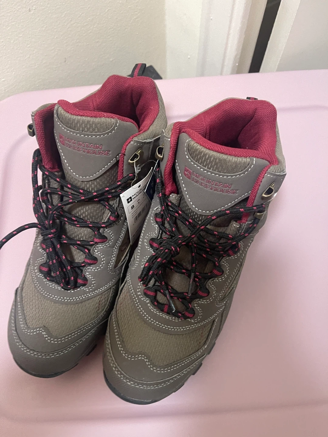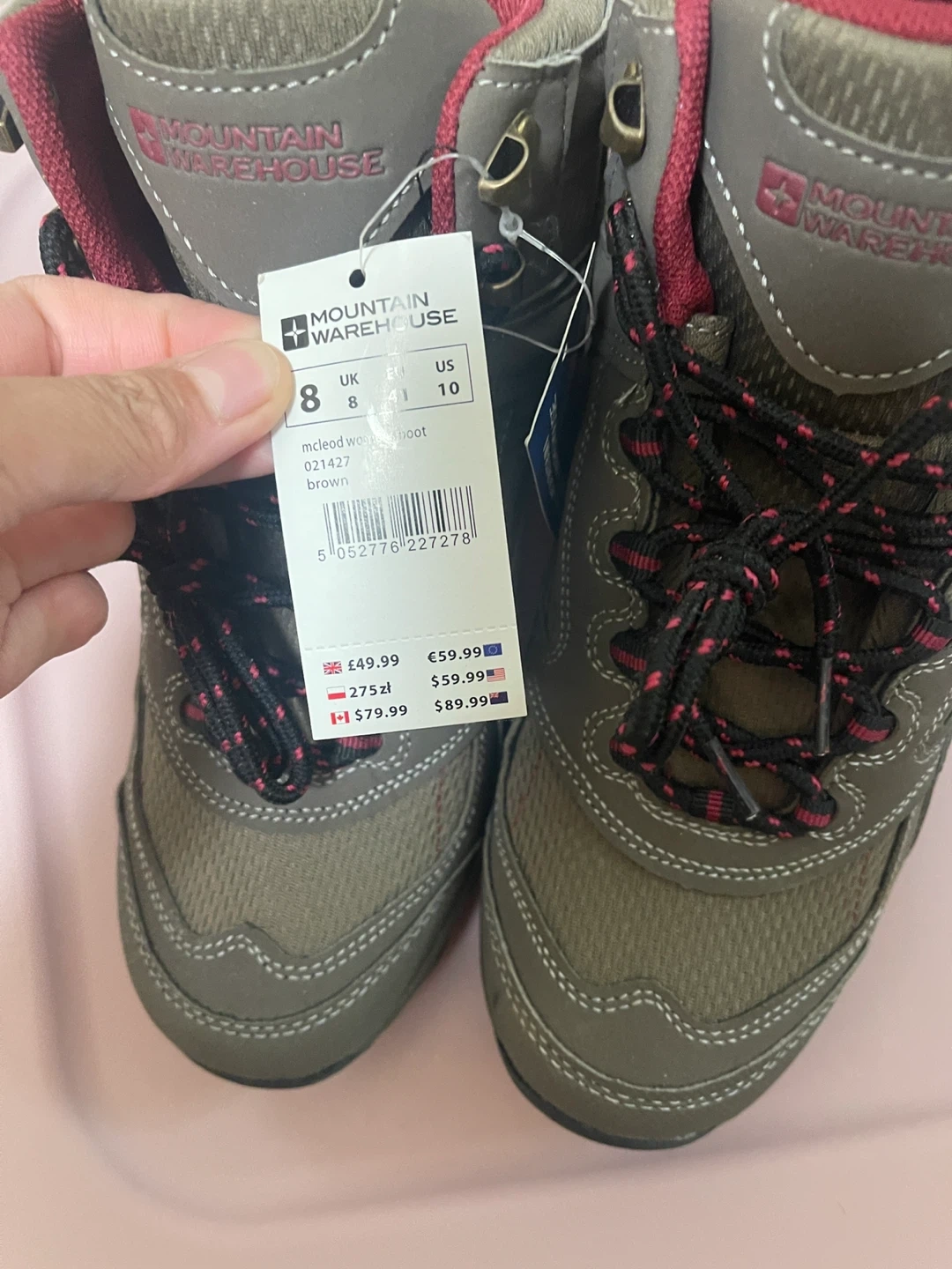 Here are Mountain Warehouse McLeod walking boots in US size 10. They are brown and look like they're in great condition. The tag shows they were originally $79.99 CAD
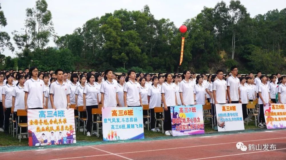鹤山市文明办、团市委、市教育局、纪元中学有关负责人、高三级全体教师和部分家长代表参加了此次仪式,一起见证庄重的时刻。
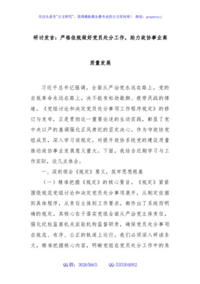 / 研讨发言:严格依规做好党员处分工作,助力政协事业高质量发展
§ §
* [Exercise goal]:
An exact, image-free transcript of the material is required.

* [Task output]:
 Here are Mountain Warehouse McLeod walking boots in US size 10. They are brown and look like they're in great condition. The tag shows they were originally $79.99 CAD
鹤山市文明办、团市委、市教育局、纪元中学有关负责人、高三级全体教师和部分家长代表参加了此次仪式,一起见证庄重的时刻。
 / 研讨发言:严格依规做好党员处分工作,助力政协事业高质量发展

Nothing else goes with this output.